President of the Province of Oristano
- In office 17 April 2000 – 9 May 2005
- Preceded by: Gian Valerio Sanna
- Succeeded by: Pasquale Onida

Member of the Regional Council of Sardinia
- In office 14 June 2004 – 26 December 2008
- In office 19 March 2009 – 4 November 2013

Personal details
- Born: 9 May 1947 (age 79) Simala, Italy
- Party: Christian Democracy National Alliance The People of Freedom
- Profession: Politician

= Mario Diana =

Italian politician

Mario Diana (born 9 May 1947) is an Italian politician.

==Life and career==
Diana belongs to a noble family, well known in Marmilla. He subsequently transplanted to Oristano, where he has lived for years in the San Paolo-Torangius neighborhood. He is married and has three children. Before joining political activity full time, he worked as an entrepreneur in the auto parts sector and later in the real estate sector. Between the 80s and 90s he was also president of the FIGC of Oristano and regional councilor of the same Federation; president of the Ales football club and more recently of the main football team of Oristano, Tharros.
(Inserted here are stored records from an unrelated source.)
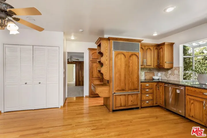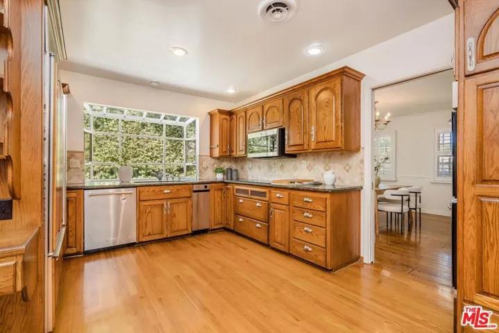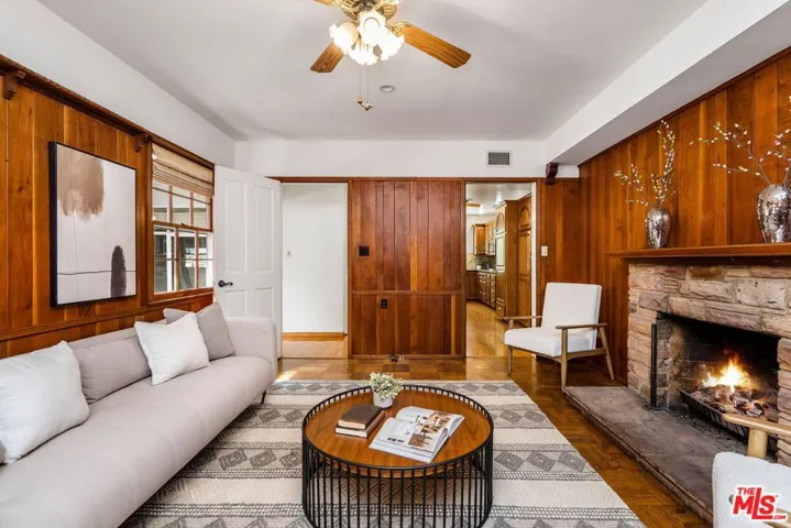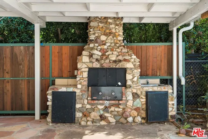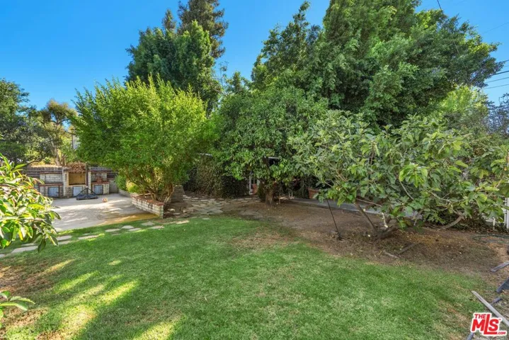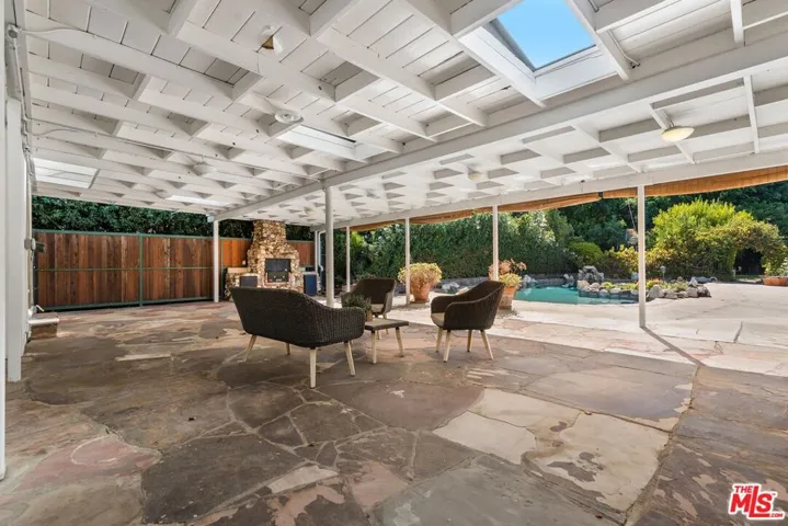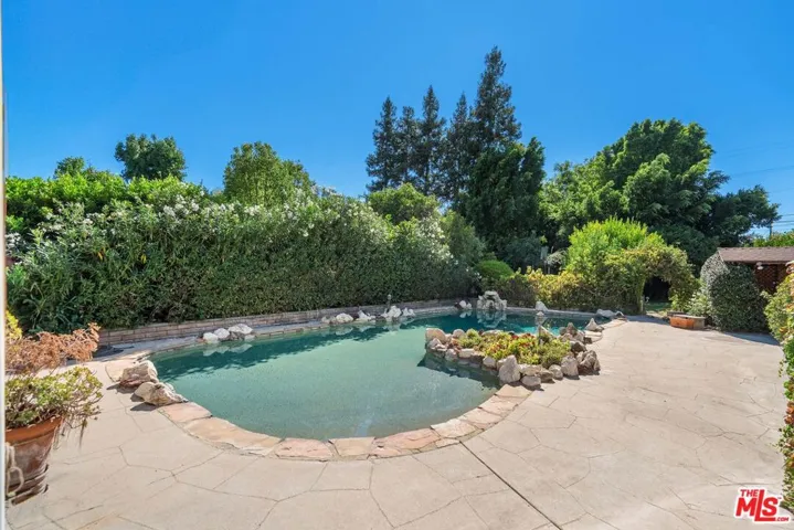 Set on one of Los Angeles’ most filmed and picturesque streets, this timeless traditional residence in the sought-after Cameron Woods neighborhood pairs classic charm with expansive living spaces and an entertainer’s dream backyard. This single-story estate offers 4BD/2.5BA across a thoughtfully designed floor plan, filled with natural light and warm hardwood floors. The expansive living room welcomes you with a marble fireplace and seamlessly connects to a dining nook with custom built-ins and charming windows. The well-appointed kitchen features a Miele electric cooktop, Sub-Zero refrigerator, and generous counter and cabinet space, complemented by a conveniently located powder room and direct access to the backyard. A versatile bonus living space with rich wood paneling and a second fireplace creates the perfect retreat for a cozy office or family room. Bedrooms are smartly arranged on opposite wings of the home, with the primary suite offering multiple walk-in closets and private access to the patio. A classic entertainment room with a vintage bar, brand new carpeting, and easy outdoor flow further enhances the home’s appeal. The backyard is a true private oasis, complete with a covered lanai overlooking a sparkling pool, a built-in stone BBQ, and a detached studio ideal for an office, creative space, or additional storage. The expansive grounds also provide excellent potential for an ADU. Additional highlights include a gated two-car carport and a fully paid, value-enhancing, and money-saving solar energy system. Beyond its charm and functionality, the property also presents unique income potential through film production opportunities. Perfectly situated with convenient access to the 101 and 405 freeways and just moments away from Sherman Oaks Galleria, Costco, and premier dining in Sherman Oaks, this rare offering blends suburban tranquility with city connectivity.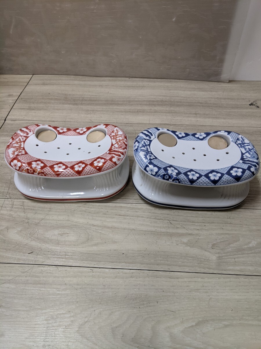 - エマンテ ヘルス枕 陶器製 南風窯 磁器枕 赤と青 2点 検 家庭用品 寝具 枕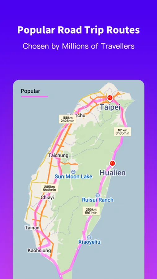 The most popular road trip routes are shown on the map.

He was municipal councilor of Oristano for Christian Democracy between 1990 and 1993 and again between 1998 and 2000. In 2000 he was elected president of the province of oristano with 56.50% of the preferences, while in 2001 he also became regional councilor, taking over from Emilio Floris. He was re-elected to the Regional Council of Sardinia in 2004 with 1,924 personal preferences.

In June 2012 he left the PdL with other regional councilors and founded his own group, Sardinia is already tomorrow, also passing to the opposition of the centre-right regional government.

In 2013 Diana was arrested for unlawful use of funds to groups in the Regional Council, while in 2018 he was sentenced to 5 1/2 years of imprisonment.